Required action:
In the reply, include exactly the lines of the entries below from the first to the line with "新加坡也是稳定房价的典型案例", that line included.

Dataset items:
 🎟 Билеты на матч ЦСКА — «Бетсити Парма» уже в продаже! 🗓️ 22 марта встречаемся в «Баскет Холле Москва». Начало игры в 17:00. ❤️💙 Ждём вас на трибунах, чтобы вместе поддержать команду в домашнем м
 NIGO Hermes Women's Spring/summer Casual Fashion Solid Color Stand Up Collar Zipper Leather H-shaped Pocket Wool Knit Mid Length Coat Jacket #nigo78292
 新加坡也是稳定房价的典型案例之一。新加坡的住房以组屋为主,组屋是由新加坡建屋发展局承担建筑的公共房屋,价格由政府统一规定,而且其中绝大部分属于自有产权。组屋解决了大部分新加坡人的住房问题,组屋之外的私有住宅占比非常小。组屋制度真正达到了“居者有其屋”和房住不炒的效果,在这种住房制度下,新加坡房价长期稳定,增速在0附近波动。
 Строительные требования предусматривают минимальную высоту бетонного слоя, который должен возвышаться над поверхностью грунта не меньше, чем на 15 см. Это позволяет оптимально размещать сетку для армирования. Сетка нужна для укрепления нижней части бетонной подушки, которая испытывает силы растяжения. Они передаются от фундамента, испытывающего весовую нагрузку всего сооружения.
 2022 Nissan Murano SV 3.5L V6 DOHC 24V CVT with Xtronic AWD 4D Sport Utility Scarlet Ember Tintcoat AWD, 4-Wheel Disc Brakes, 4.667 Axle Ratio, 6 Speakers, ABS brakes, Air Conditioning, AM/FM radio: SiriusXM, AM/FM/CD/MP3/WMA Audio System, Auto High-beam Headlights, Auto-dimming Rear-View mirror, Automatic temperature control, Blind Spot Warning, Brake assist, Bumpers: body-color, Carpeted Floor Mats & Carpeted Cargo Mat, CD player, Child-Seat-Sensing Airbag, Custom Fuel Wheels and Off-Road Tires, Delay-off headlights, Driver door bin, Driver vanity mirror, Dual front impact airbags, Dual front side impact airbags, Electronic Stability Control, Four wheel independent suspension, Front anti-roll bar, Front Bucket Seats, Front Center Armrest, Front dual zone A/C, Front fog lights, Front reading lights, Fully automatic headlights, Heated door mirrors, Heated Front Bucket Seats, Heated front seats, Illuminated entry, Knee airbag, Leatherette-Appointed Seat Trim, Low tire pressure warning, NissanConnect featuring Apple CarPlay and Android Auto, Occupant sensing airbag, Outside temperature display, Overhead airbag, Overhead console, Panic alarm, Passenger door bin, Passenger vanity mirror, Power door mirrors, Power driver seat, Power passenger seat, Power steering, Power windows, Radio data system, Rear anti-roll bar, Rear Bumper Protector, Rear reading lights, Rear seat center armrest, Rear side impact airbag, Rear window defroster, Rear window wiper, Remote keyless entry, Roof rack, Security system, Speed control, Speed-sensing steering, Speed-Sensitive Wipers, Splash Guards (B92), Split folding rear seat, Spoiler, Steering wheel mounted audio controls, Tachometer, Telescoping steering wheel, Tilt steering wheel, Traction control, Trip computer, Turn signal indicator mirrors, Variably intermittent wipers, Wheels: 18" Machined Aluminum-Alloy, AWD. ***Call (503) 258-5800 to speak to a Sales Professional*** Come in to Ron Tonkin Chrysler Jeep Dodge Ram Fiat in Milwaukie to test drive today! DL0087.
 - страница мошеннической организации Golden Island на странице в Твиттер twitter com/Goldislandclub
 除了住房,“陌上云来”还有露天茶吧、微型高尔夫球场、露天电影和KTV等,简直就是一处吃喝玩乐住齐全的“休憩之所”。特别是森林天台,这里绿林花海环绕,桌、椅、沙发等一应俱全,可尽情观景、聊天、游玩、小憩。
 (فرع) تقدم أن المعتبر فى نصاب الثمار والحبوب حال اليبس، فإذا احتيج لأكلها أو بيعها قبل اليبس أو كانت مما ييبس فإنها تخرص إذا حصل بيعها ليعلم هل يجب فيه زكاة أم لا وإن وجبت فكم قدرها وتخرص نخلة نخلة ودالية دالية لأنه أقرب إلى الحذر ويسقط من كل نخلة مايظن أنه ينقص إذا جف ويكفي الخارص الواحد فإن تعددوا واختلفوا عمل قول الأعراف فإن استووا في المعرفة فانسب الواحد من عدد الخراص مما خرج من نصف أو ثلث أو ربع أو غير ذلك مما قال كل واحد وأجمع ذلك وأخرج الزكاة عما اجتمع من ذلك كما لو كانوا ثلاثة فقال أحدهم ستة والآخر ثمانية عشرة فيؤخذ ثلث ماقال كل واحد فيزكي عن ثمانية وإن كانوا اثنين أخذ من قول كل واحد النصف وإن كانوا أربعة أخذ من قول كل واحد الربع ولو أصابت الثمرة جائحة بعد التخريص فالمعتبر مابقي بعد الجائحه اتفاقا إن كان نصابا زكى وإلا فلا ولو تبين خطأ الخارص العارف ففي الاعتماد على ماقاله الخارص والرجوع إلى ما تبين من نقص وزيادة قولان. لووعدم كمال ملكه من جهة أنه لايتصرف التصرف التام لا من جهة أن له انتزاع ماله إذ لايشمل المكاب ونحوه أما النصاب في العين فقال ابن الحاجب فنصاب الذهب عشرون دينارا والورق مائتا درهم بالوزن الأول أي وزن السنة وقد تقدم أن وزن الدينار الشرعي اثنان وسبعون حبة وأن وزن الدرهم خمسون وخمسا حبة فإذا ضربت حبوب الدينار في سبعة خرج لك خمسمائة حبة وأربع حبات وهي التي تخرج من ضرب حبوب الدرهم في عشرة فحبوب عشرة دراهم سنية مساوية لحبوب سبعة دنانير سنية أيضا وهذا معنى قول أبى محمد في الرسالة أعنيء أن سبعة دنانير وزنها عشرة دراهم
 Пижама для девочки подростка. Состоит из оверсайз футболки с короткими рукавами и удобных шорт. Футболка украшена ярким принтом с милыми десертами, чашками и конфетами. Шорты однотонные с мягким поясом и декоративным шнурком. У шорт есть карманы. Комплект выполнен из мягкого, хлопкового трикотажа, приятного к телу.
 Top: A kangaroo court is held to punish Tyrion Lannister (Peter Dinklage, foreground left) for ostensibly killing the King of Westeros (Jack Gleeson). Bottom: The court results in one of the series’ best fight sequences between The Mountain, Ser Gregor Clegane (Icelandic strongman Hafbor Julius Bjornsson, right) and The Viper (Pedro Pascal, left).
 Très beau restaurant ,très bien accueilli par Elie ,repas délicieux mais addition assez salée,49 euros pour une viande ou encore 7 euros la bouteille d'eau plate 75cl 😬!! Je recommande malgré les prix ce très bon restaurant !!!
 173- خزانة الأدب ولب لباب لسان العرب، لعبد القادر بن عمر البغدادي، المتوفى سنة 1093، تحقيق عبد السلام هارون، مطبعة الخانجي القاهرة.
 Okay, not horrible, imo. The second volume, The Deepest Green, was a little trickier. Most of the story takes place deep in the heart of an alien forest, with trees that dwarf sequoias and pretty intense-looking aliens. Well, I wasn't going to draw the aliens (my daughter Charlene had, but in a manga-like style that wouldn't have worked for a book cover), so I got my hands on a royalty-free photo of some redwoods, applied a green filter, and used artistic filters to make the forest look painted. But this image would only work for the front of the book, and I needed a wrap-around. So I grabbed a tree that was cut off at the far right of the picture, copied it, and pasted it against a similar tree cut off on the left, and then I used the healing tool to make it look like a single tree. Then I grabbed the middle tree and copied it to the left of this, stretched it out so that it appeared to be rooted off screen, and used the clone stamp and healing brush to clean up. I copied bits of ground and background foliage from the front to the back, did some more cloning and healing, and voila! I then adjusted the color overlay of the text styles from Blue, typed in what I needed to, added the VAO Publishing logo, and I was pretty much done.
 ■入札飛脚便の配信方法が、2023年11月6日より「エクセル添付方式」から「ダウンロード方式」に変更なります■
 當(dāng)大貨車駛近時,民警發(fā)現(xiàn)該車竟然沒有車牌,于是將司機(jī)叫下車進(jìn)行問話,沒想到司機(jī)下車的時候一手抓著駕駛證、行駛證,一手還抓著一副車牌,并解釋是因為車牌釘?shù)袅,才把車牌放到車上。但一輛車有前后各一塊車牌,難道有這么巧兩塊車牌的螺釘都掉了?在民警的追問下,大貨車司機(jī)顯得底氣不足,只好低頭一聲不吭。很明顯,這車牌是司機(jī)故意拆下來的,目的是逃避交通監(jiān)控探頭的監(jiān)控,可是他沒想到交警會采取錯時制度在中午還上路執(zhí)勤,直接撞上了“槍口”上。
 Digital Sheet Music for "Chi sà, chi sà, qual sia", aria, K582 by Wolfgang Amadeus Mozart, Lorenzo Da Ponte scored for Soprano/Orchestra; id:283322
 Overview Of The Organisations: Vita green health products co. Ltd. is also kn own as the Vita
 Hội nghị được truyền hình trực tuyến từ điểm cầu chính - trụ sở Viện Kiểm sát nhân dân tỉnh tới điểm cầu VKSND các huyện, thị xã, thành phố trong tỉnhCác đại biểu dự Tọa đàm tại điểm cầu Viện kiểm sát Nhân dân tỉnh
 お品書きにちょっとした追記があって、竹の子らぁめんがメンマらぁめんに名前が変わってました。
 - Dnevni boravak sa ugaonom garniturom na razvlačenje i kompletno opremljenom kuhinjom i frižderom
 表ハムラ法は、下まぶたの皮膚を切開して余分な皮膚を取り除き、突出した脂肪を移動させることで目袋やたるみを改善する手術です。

Answer to the problem:
 🎟 Билеты на матч ЦСКА — «Бетсити Парма» уже в продаже! 🗓️ 22 марта встречаемся в «Баскет Холле Москва». Начало игры в 17:00. ❤️💙 Ждём вас на трибунах, чтобы вместе поддержать команду в домашнем м
 NIGO Hermes Women's Spring/summer Casual Fashion Solid Color Stand Up Collar Zipper Leather H-shaped Pocket Wool Knit Mid Length Coat Jacket #nigo78292
 新加坡也是稳定房价的典型案例之一。新加坡的住房以组屋为主,组屋是由新加坡建屋发展局承担建筑的公共房屋,价格由政府统一规定,而且其中绝大部分属于自有产权。组屋解决了大部分新加坡人的住房问题,组屋之外的私有住宅占比非常小。组屋制度真正达到了“居者有其屋”和房住不炒的效果,在这种住房制度下,新加坡房价长期稳定,增速在0附近波动。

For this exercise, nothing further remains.